A YOUNG mum from Stourport who tried to scam a store using fake bank notes has been spared jail because she has three children.

Carrie-Anne Bridges, 21, used counterfeit money at a Primark when she got into financial difficulties after her partner was jailed.

She attempted to pay for items at the Worcester branch on November 8 last year using four fake £20 notes she claimed to have borrowed from a family friend.

Bridges, of Nelson Road, Stourport, admitted tendering counterfeit currency but was spared jail on Monday, May 20.

 

She was sentenced to six months in prison, suspended for two years, and ordered to complete a 40-day rehabilitation activity programme at Worcester Crown Court.

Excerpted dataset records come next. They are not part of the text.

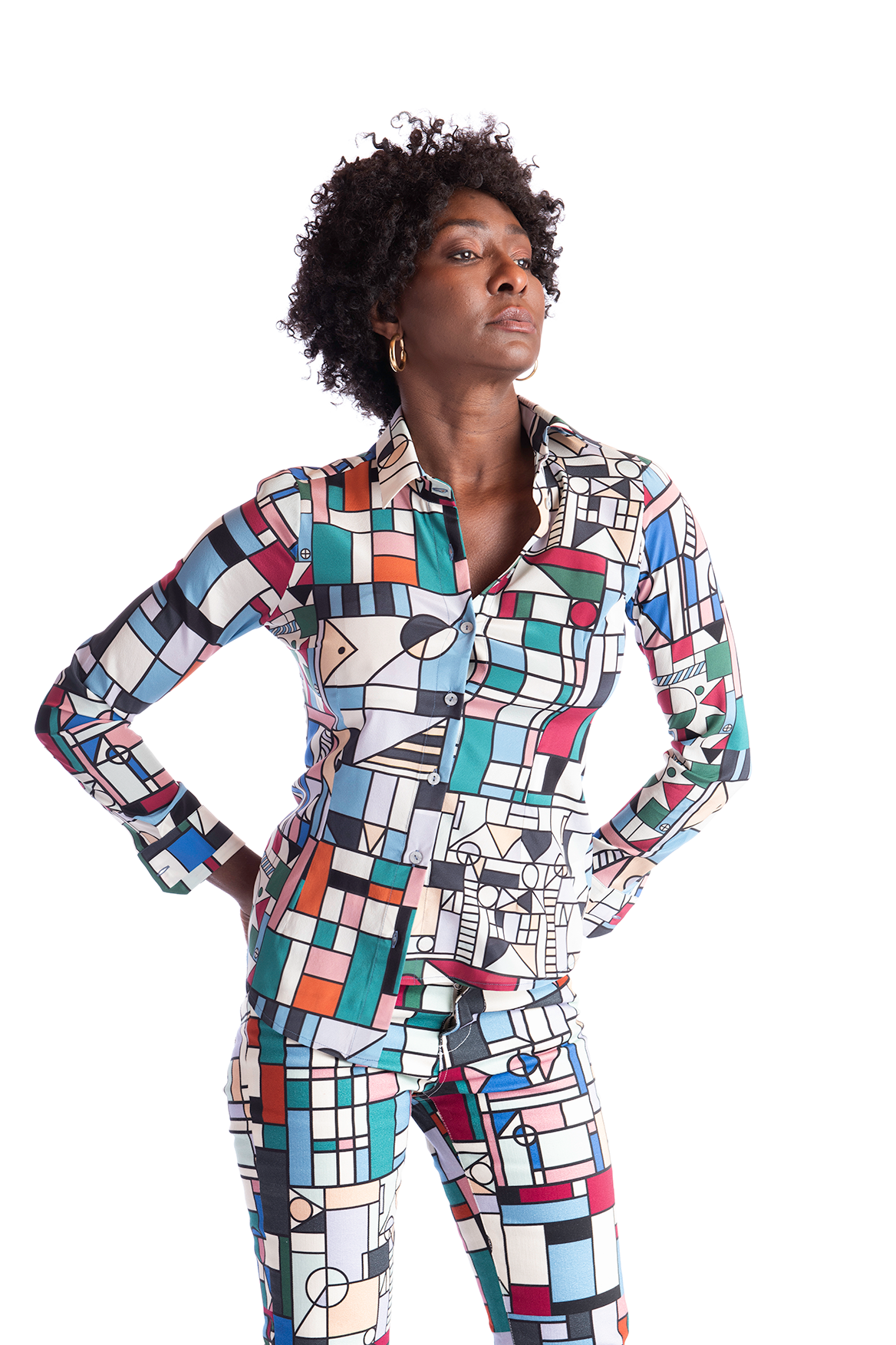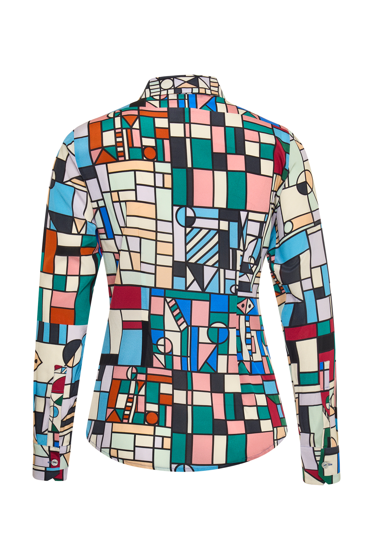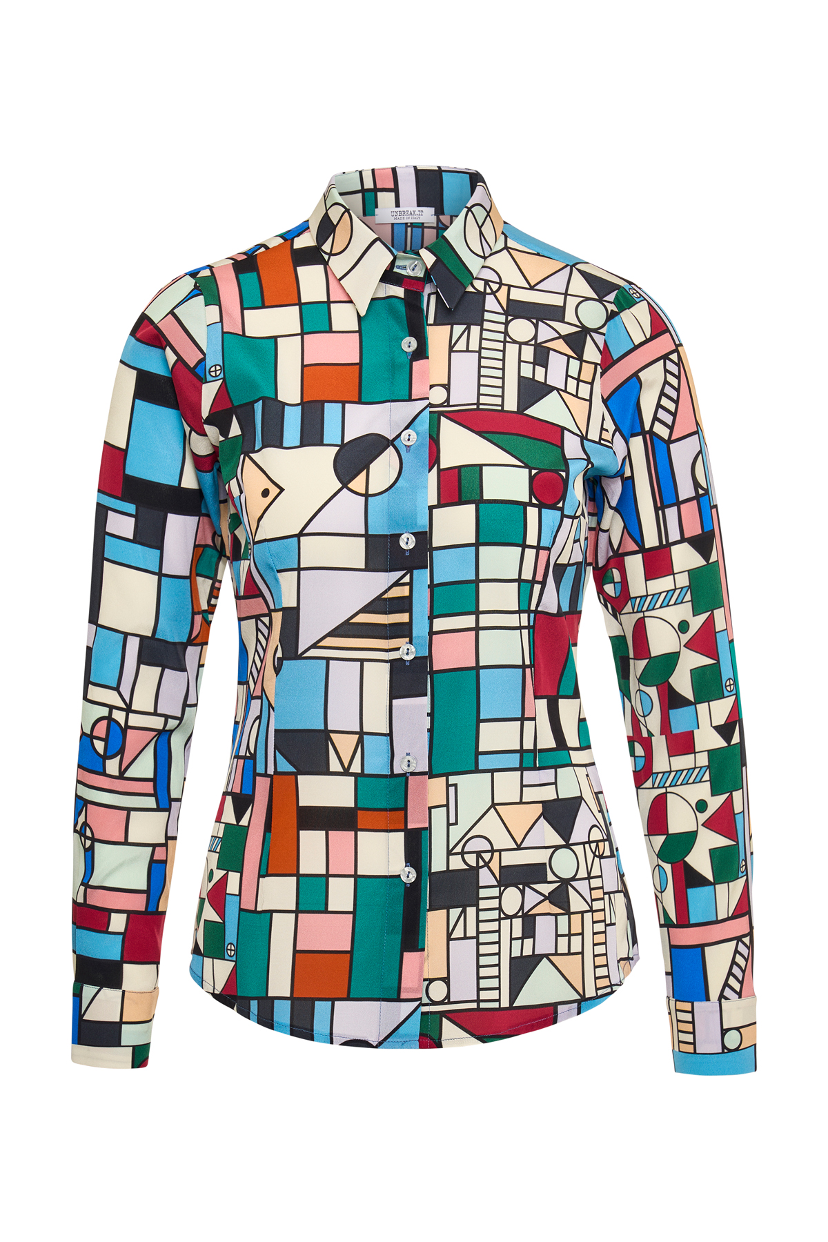 Blouse with a print – Blouse with long sleeves – High neckline with a collar – Regular fit – Made in Italy – Silk: 93% Silk 7% Elastan
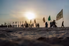 تاركين بيوتهم واعمالهم وعازمين على السفر بحب الحسين واهل بيته الاطهار (عليهم السلام) ٥ صفر ١٤٤٦ هـ / ١٠ آب ٢٠٢٤ م . البصرة، العراق .
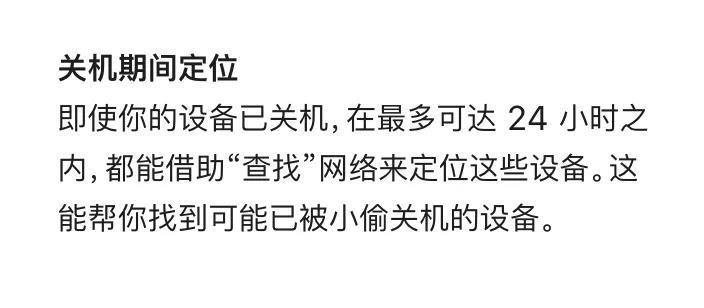 不过还需要注意的是,iOS 15「关机定位」并非一直有效,根据苹果官网的介绍,该功能的持续时间最长可达 24 小时。其他机型升级 iOS 15 后可以在关机界面查看是否出现「iPhone 关机后仍可找到」的提示
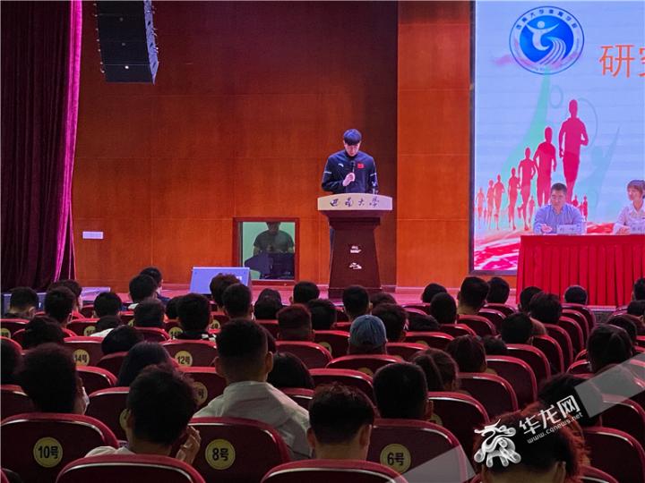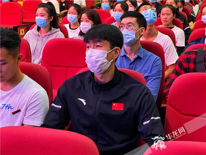 跆拳道奥运会冠军赵帅出现在437ccm必赢国际官方网站开学典礼现场。华龙网-新重庆客户端 刘钊 摄

Sentencing, Judge Jim Tindal suspended the sentence on the grounds she was responsible for children and had been honest with the probation officer.

He said: "If you breach that sentence by not cooperating with probation or committing an offence within the next two years you will be back to court and, young children or not, you will be sent to prison.

"There has to be some measure of deterrence which shows to people they can't go around using counterfeit notes."

The court heard Bridges had been committing offences of shoplifting at "some pace" when she was younger.

The judge added: "It was hoped, and I'm sure you hoped, you having a child would have meant you put that behind you and you did for two years."

Blondelle Thompson, prosecuting, said Bridges had convictions for shoplifting dating back to May 2015 when she was a youth.

The court heard the mum-of-three had found herself in financial trouble because her partner was remanded in custody and borrowed the money off a family friend.

Amiee Parkes, defending, said a custodial sentence had to be imposed but asked that it be suspended, saying the defendant had a 12-week-old son with a heart murmur.

She said her client had accepted she knew or reasonably knew or suspected that the notes were counterfeit.

The judge also ordered the forfeiture and destruction of the counterfeit money.